Cozell Smith from Oklahoma described their ordeal in the survivor's book:
"Many sailors had no life jackets, and they were climbing on top of each other. If a man was in a life jacket, three or four men would be trying to climb on top of him. It was like rats swimming in a bathtub with no way out and nothing to cling to. I was surrounded by screaming and panic. The ocean was a swirling pit of blood and oil. My buddies' screams were blood curdling as they gasped and died in agony."
Smith went on to say that during the five days in the water sharks attacked men next to him pulling them under, and if a shark took a piece of a body, they would be back for the rest.
"We tried to stay away from the burned and anyone who was bleeding realizing it was a sure invitation for a shark attack," noted Smith.
It was on Thursday, Aug. 2 that a Navy pilot, Lt. Chuck Gwinn, spotted the survivors and radioed for help.

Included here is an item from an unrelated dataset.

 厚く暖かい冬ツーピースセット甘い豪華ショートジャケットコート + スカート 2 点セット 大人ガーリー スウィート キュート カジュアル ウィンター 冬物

Adrian Marks, a young lawyer from Indiana who was a pilot stationed on Tinian heard Gwinn's message, and without proper clearance, he and his crew took off looking for the reported survivors.
It was a dangerous attempt, but he landed his plane safely on the Pacific's swelling waves to pick up survivors whose eyes were matted shut with oil and bodies covered with salt water sores.

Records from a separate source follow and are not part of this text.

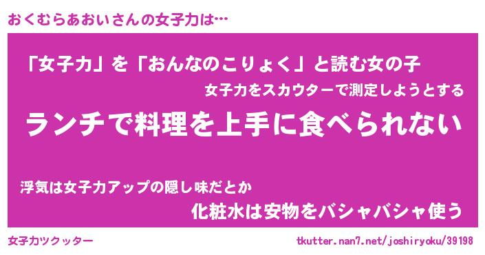 | 胡散臭い通販商品みたいなあだ名 | 『億万長者になれるブレスレット…その名も「おくむらあおい」』 |
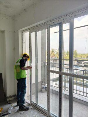 Fully glazed powder coated Aluminium/ UPVC windows with M. S. grills
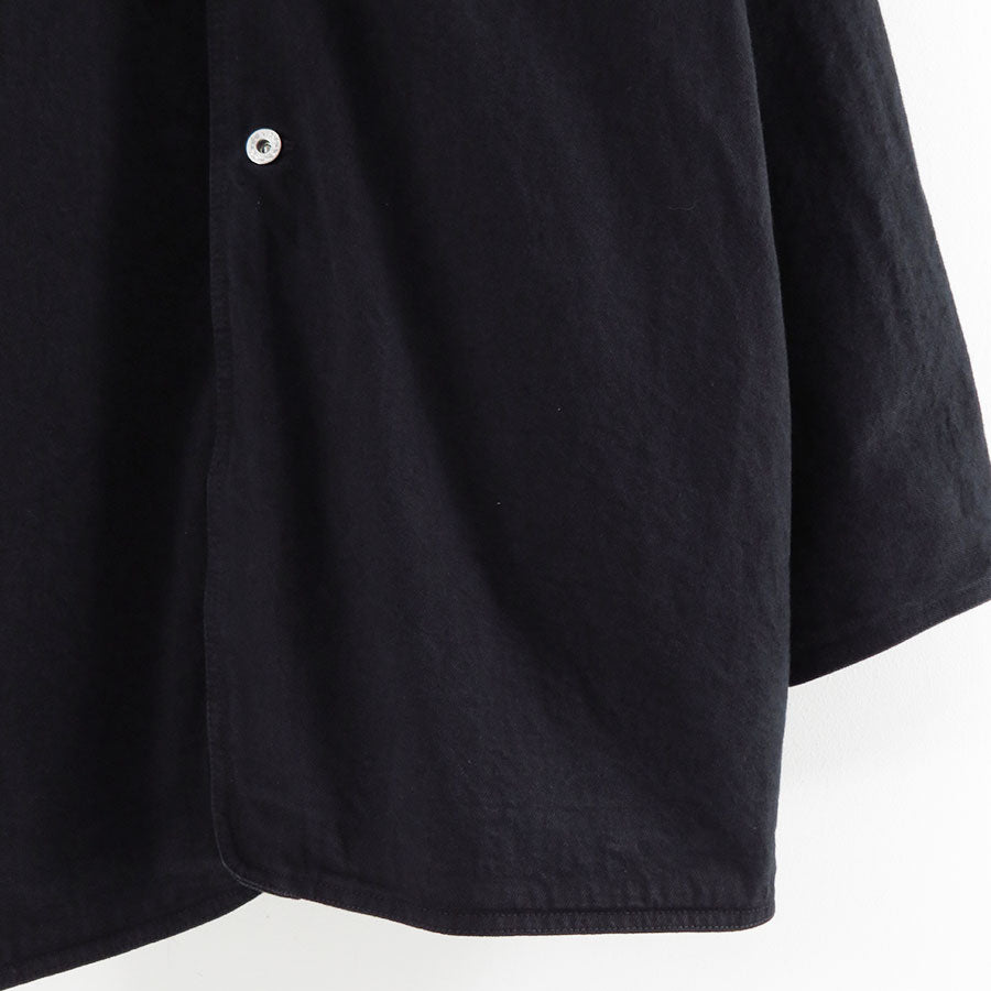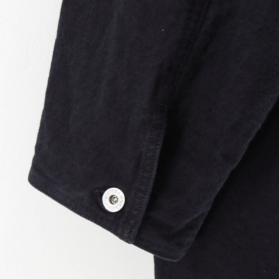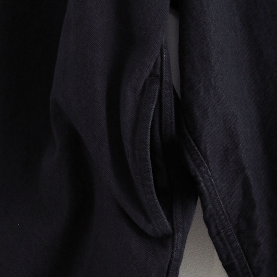 1960年代のデニム素材を研究し、リプロダクトした14ozデニム⽣地を使⽤したチョアコート。オーバーダイを施し、エイジングにより⿊⾊が落ちてインディゴカラーが覗くよう設計しています。デザインはアメリカ由来のチョアブルゾンとフランスメゾンの乗馬コートを掛け合わせたもので、実用性とエレガンスを併せ持つシルエットに再構築。部分的にフランス産のオイルドレザーを使用し、さりげない上質さを加えています。

While circling prior to landing, he saw at least 60 men grabbed by sharks and disappear.
Ships also rushed to the scene. Rehner was picked up by the USS Ringness and transported to a hospital in the Philippines.
Rehner noted to a friend in Bloomfield that he was very young at the time of the accident and thought his life was saved by some of the older men who tried to protect him.
When he and the rest of the survivors from the Indianapolis were discharged, there was no such diagnosis as post traumatic stress syndrome. Rehner, like the rest who had most of their lives yet to live, were expected to get jobs and carry on with their lives. That's exactly what Rehner did.
He studied drama in London with such famous actors as Lawrence Olivier and Richard Burton and then went on to become a professor of drama while acting in many stage plays.
Rehner was teaching at Wilson College in Chicago when he made the decision to come to Southern Indiana with his brother Robert and Frank Hayashida to open a summer theatre, which is now in its 52nd year. He lived in Bloomfield until his death in July of 1981.
The only Indianapolis seaman who was on the ship was Jim O'Donnell who returned and became an Indianapolis firefighter. (Rehner entered the Navy in Illinois.)
In 2002 during the survivor's reunion, Bart Peterson, who was then mayor of Indianapolis, spoke at a ceremony honoring O'Donnell.
"They chose Indianapolis as their place to unite," said Peterson, "to gather, to celebrate, to mourn. And for that I'm grateful. As the ship was once the pride of the United States Navy, its sailors remain the pride of this city. Their legacy lives on not just every July, but every day."
The memorial to the men of the USS Indianapolis stands prominently along the Downtown Canal Walk in Indianapolis.
The survivors meet every other year in Indianapolis for a reunion. As of 2010, there were 52 living survivors.
Some of the details in the above column were taken from Doug Stanton's book, "In Harm's Way," and the survivor's own stories, "Only 317 Lived."